- Also known as: Woman's World
- Genre: Lifestyle show
- Country of origin: Australia
- Original language: English

Original release
- Network: ABC Television
- Release: 1956 – 1963

= Women's World (TV series) =

Women's World (also known as Woman's World) is an Australian television series which aired from 1956 to 1963 on ABC. Originally broadcast in Sydney and later Melbourne, it would appear the last couple years (and first few months) of the series were only broadcast in Sydney.

Some editions were made (and broadcast live) in Melbourne, but many were made in Sydney, and often telerecorded for Melbourne broadcast (see below).

The series was aimed at the housewives. For example, the 6 October 1959 episode was hosted by Joy Wren, featured a segment on cooking problems, a segment on knitwear, and music provided by Freddie Philips, a pianist. The Sydney-produced episode broadcast in Melbourne on 4 November 1959 featured Gwen Plumb as host, a segment on fashions in nylon, a book review and a piano interlude by Marie van Hove.

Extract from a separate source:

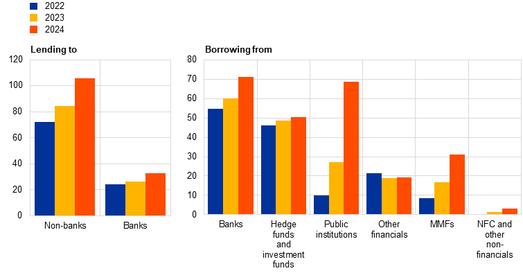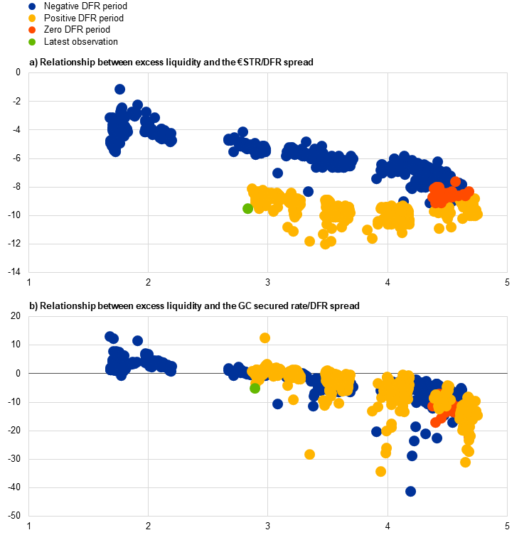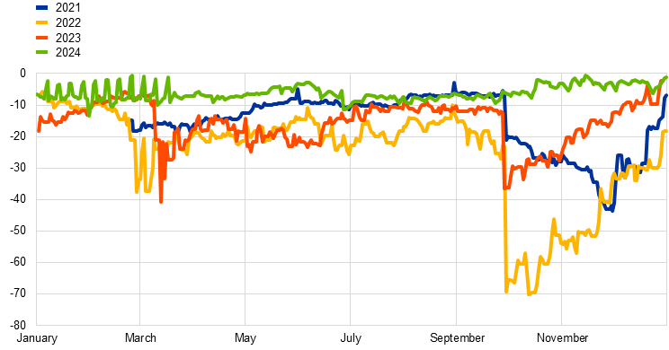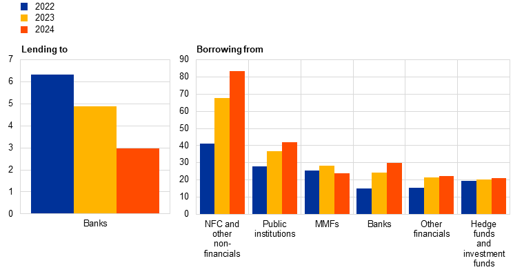 Rate convergence towards the deposit facility rate (DFR). The spread between euro money market rates and the DFR narrowed, with a more pronounced effect on secured than unsecured rates. The rise in secured rates is mainly a result of increased net collateral supply and shifts in interest rate expectations, prompting market participants to take short positions in the period 2022-2023 and then move to long positions in 2024. The impact on short-term money markets of less ample reserves and adjustments to the ECB operational framework has been limited so far (Chart 4).

Competition in the time-slot varied depending on which ABC station it was shown on, and also depending on when the episode was broadcast. The time-slot itself also varied during the run, and the show usually aired more than once a week. In Melbourne, the 4 November 1959 episode mentioned above, for example, aired against The Honeymooners on HSV-7 and Autumn Affair on GTV-9. In Melbourne on 15 August 1960, competition in the time-slot included The Abbott and Costello Show on HSV-7 and Western Round-Up on GTV-9 (which consisted of B movie westerns like Alias Billy the Kid) For an episode broadcast Monday 11 February 1963 in Sydney (hosted Mary Rossi), competition in the time-slot included game show Say When on TCN-9, and game show Video Village on ATN-7.

==Episode status==
The exact number of episodes still in existence is unknown.

Though not available for viewing, around 19 episodes of the series (along with segments from several other editions) are held by National Archives of Australia, per a search of the archives website (some are listed under the Woman's World title). Hosts of these episodes include Gwen Plumb, Jean Battersby, Corrine Kerby, and Mary Mackay. These episodes exist as 16mm film prints, sometimes known as telerecordings and sometimes as kinescope recordings, that were made of the program.

Two incomplete editions (again not available for viewing) are held by National Film and Sound Archive, also as telerecordings.